Aim of the exercise
I would like the lines below, from the one with "Een redelijke bui" through the one with "Extra tickets added", copied exactly and without any pictures.

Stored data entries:
-*-*-

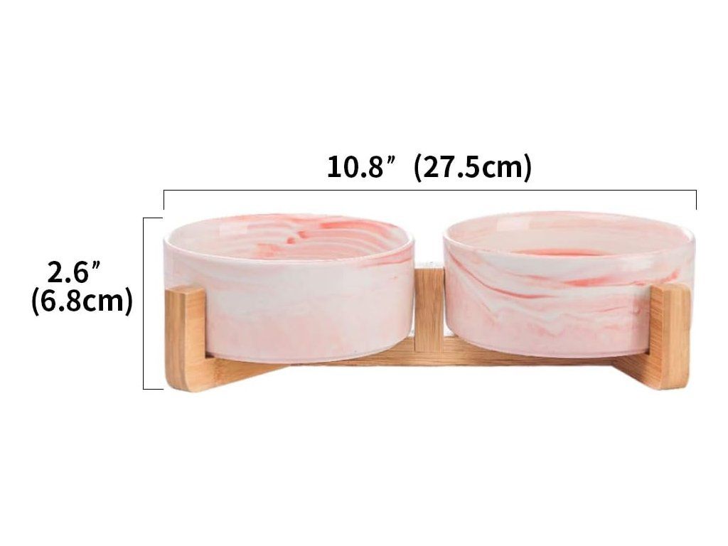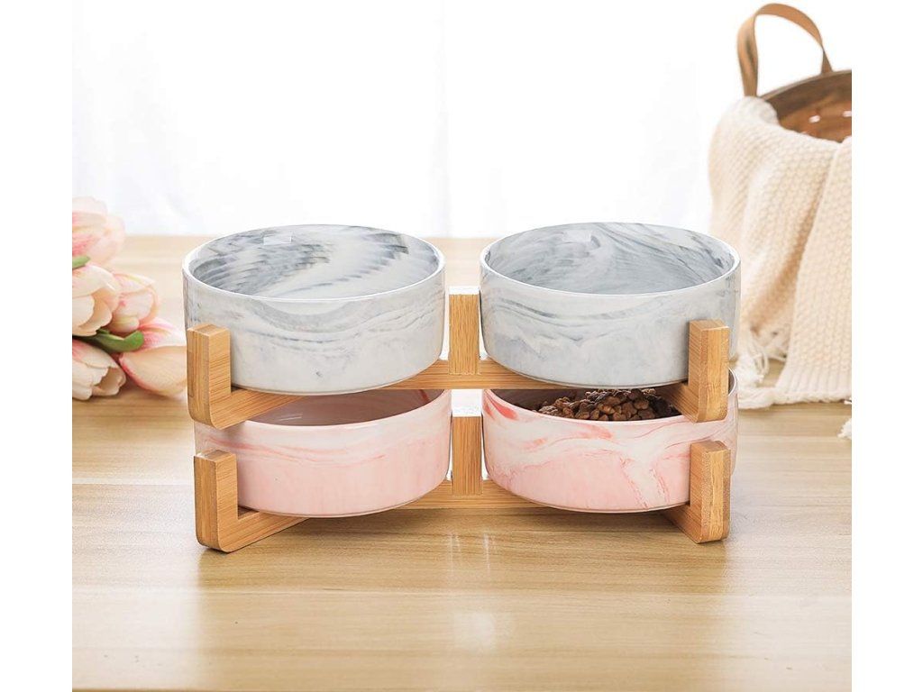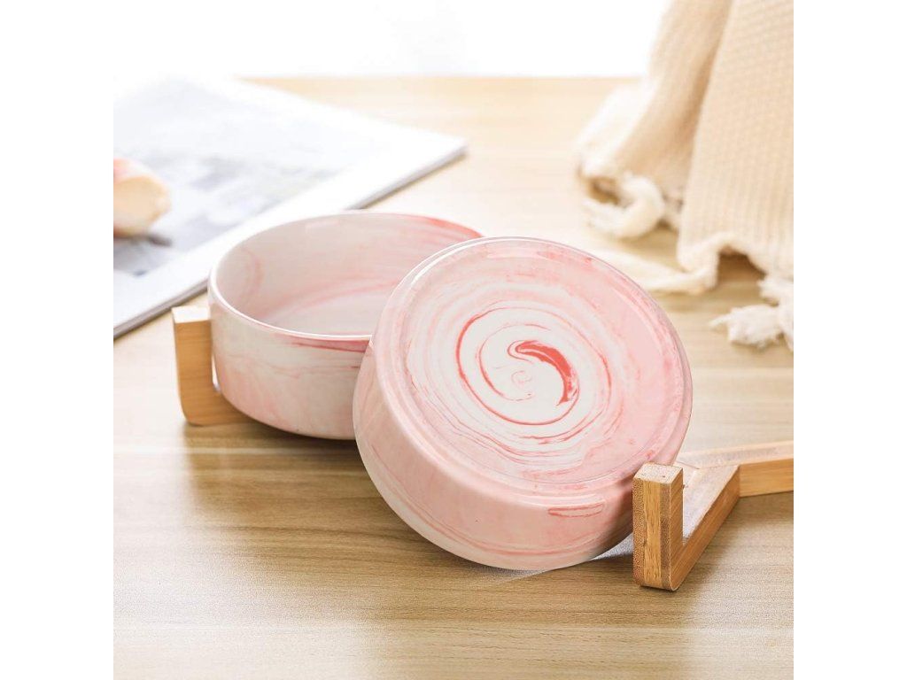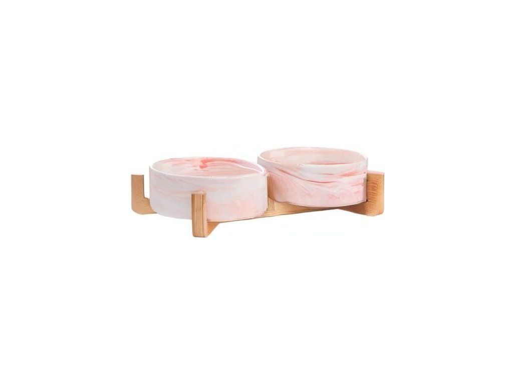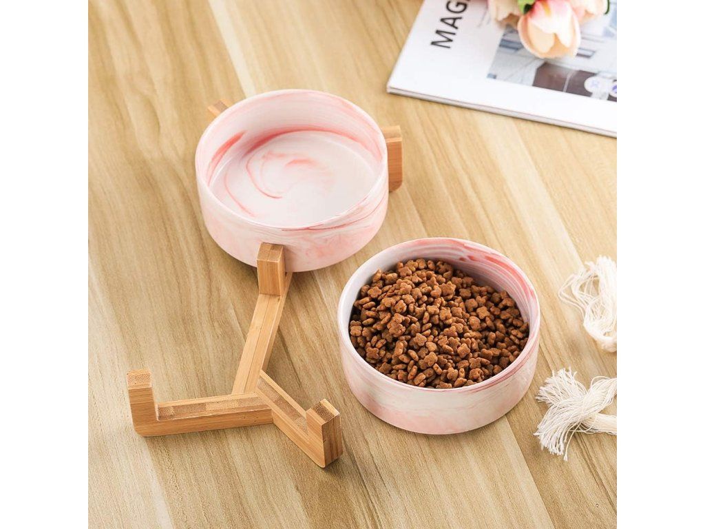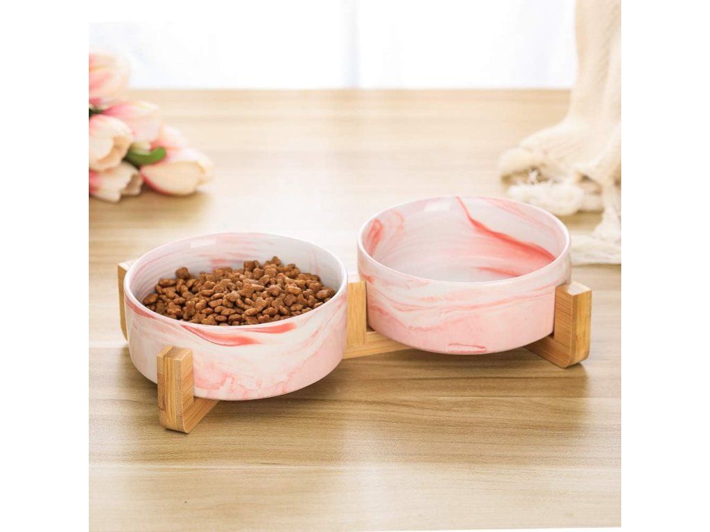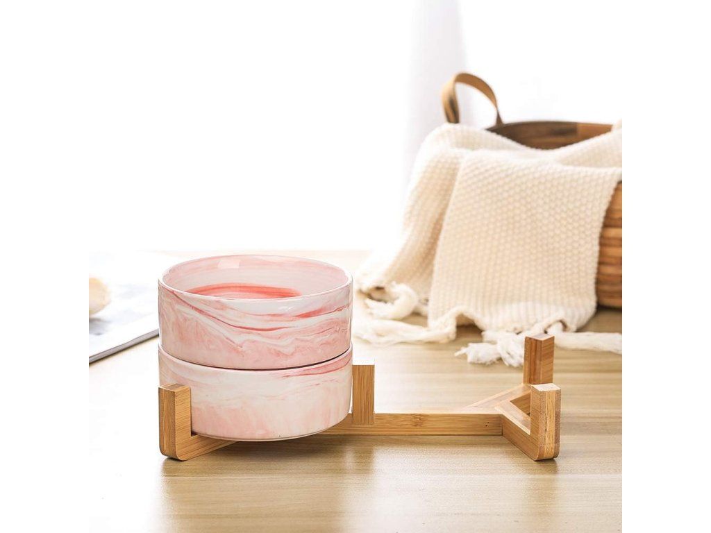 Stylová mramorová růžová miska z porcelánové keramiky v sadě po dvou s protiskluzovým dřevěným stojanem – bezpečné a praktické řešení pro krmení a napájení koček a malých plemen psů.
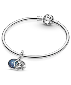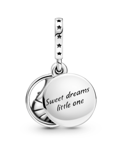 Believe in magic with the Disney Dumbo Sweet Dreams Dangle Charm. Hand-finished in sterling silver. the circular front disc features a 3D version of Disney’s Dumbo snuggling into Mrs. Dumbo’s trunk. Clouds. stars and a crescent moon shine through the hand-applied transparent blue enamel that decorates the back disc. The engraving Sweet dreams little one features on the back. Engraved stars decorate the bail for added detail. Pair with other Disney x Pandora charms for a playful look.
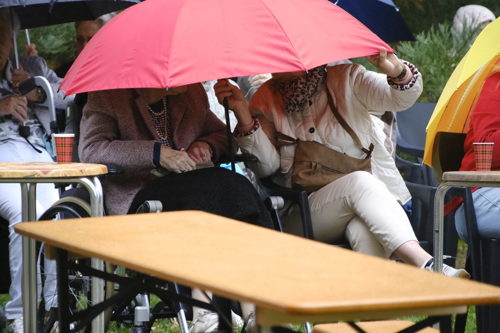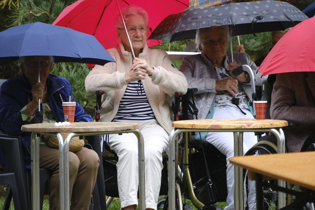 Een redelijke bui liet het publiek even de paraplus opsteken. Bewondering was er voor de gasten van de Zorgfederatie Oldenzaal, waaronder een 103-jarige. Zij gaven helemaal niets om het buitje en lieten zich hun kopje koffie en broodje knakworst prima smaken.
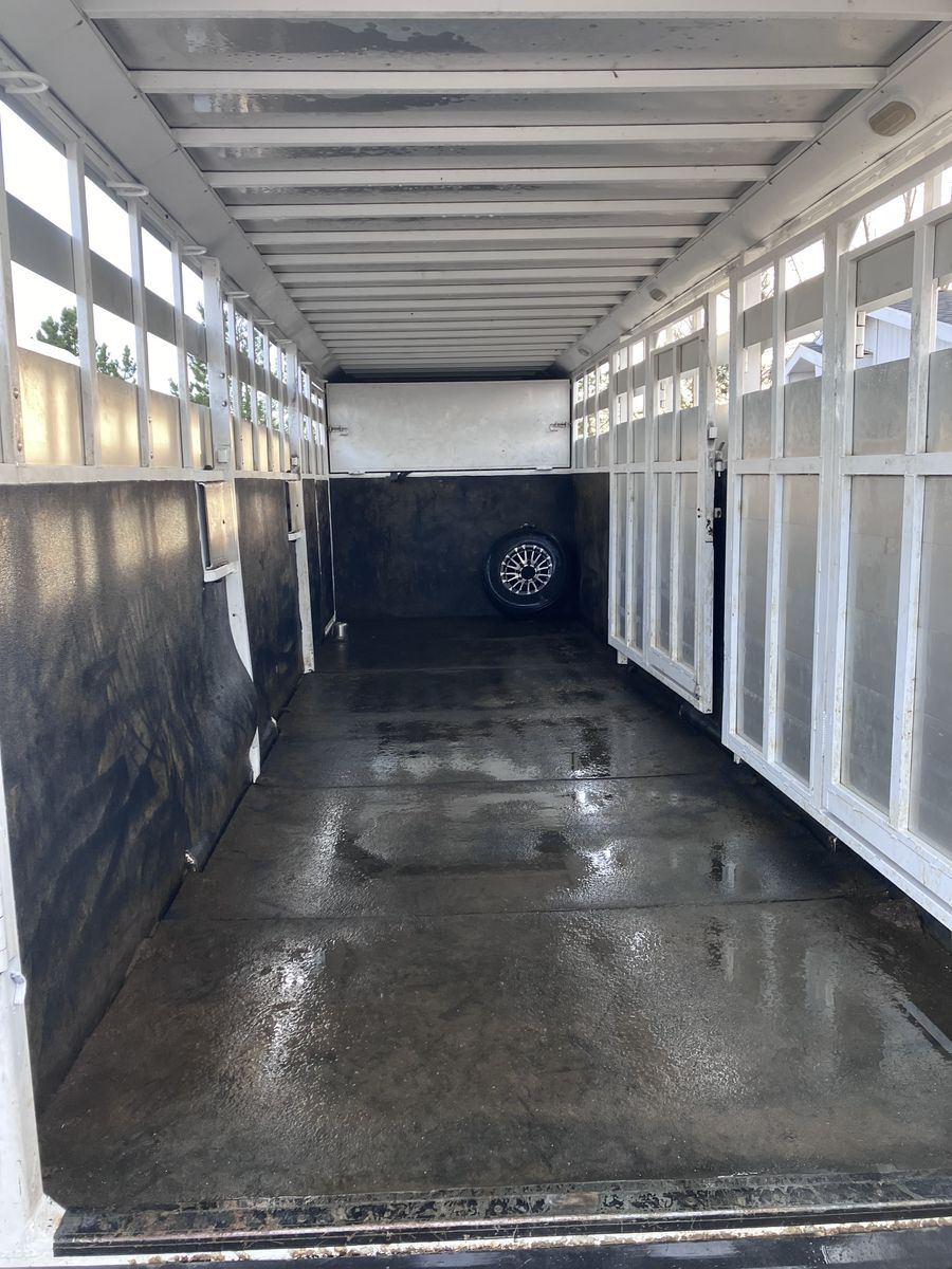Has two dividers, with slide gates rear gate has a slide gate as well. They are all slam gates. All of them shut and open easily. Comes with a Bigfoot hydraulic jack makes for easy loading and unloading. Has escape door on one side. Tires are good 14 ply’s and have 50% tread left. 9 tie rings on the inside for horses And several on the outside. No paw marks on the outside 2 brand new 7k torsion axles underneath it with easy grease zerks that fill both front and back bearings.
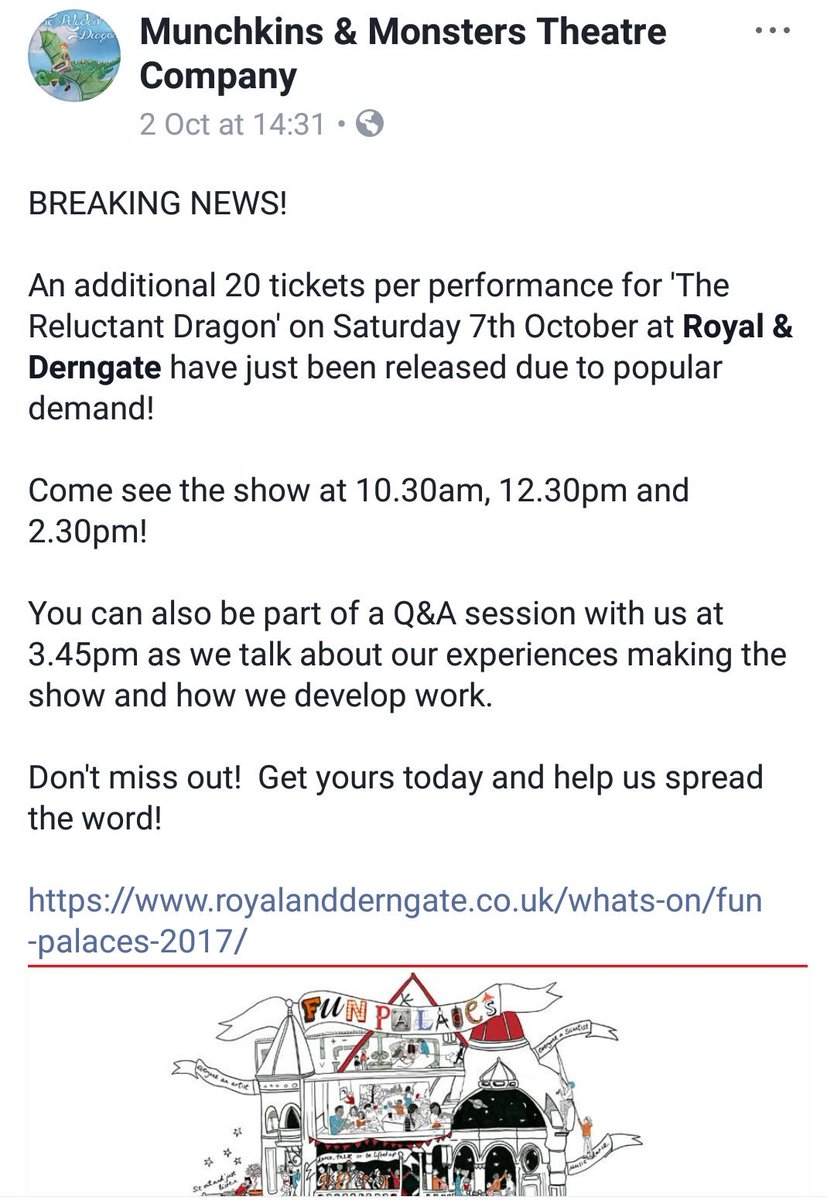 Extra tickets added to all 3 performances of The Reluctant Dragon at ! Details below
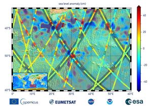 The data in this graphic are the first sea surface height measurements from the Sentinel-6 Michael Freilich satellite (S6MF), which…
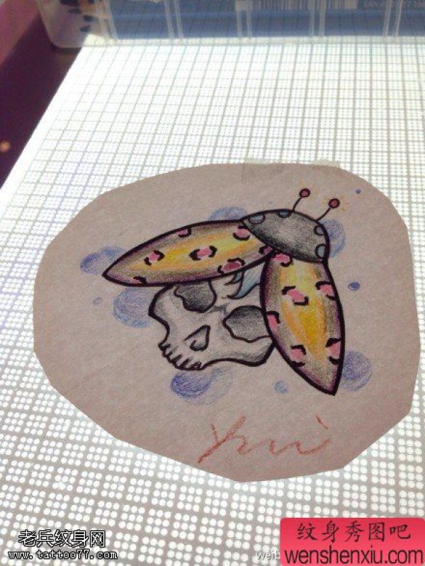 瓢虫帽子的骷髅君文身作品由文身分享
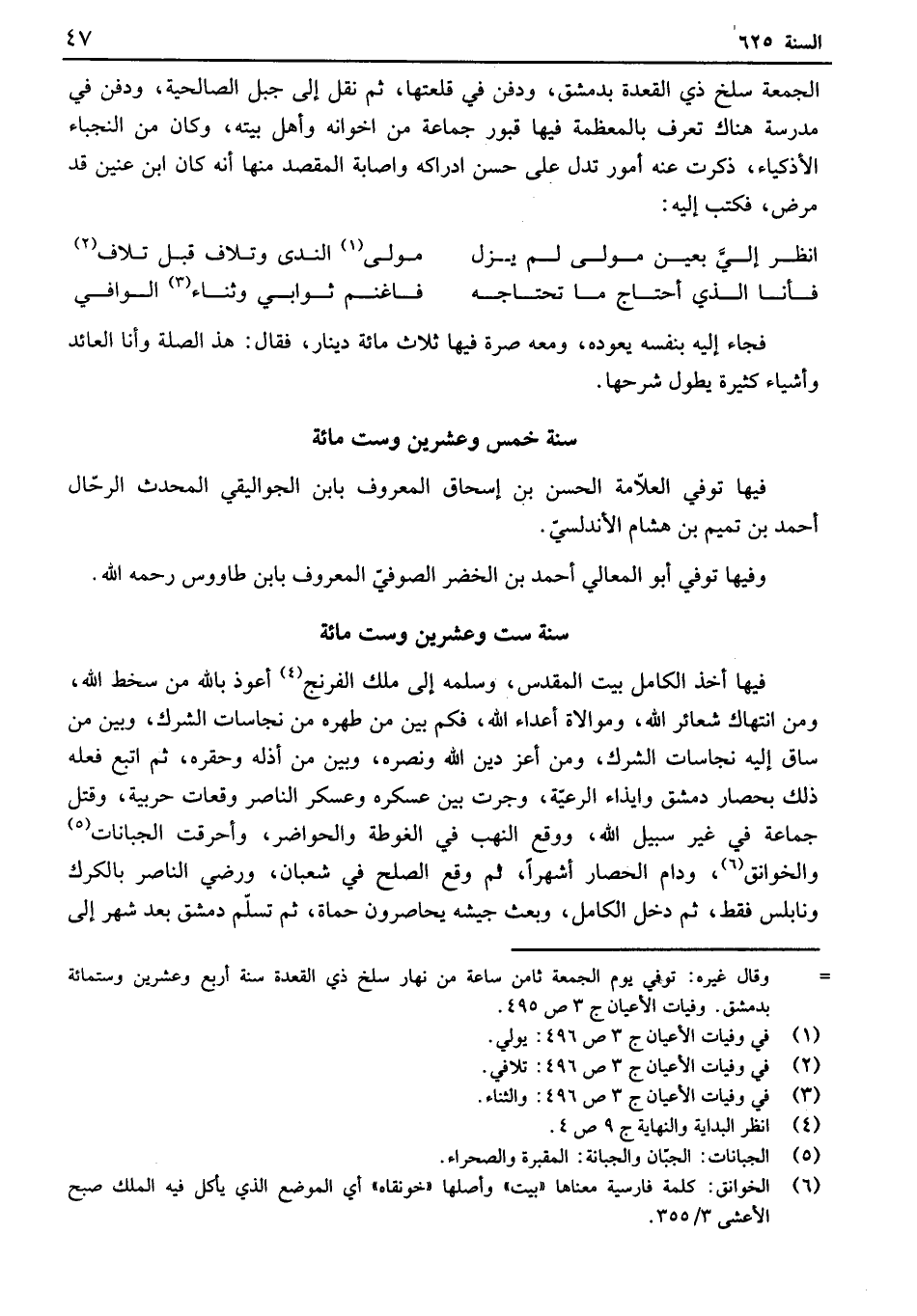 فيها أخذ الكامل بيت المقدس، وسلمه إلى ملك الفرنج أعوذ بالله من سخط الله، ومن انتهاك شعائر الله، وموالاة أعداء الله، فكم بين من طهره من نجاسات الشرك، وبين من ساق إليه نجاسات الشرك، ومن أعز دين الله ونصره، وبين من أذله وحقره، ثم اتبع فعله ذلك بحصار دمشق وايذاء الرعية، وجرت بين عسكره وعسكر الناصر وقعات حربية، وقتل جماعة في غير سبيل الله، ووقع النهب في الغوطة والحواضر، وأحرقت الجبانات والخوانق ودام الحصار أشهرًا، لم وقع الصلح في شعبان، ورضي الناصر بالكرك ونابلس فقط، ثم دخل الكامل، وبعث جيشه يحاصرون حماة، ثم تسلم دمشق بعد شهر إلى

-*-*-

Task result
 Een redelijke bui liet het publiek even de paraplus opsteken. Bewondering was er voor de gasten van de Zorgfederatie Oldenzaal, waaronder een 103-jarige. Zij gaven helemaal niets om het buitje en lieten zich hun kopje koffie en broodje knakworst prima smaken.
Has two dividers, with slide gates rear gate has a slide gate as well. They are all slam gates. All of them shut and open easily. Comes with a Bigfoot hydraulic jack makes for easy loading and unloading. Has escape door on one side. Tires are good 14 ply’s and have 50% tread left. 9 tie rings on the inside for horses And several on the outside. No paw marks on the outside 2 brand new 7k torsion axles underneath it with easy grease zerks that fill both front and back bearings.
 Extra tickets added to all 3 performances of The Reluctant Dragon at ! Details below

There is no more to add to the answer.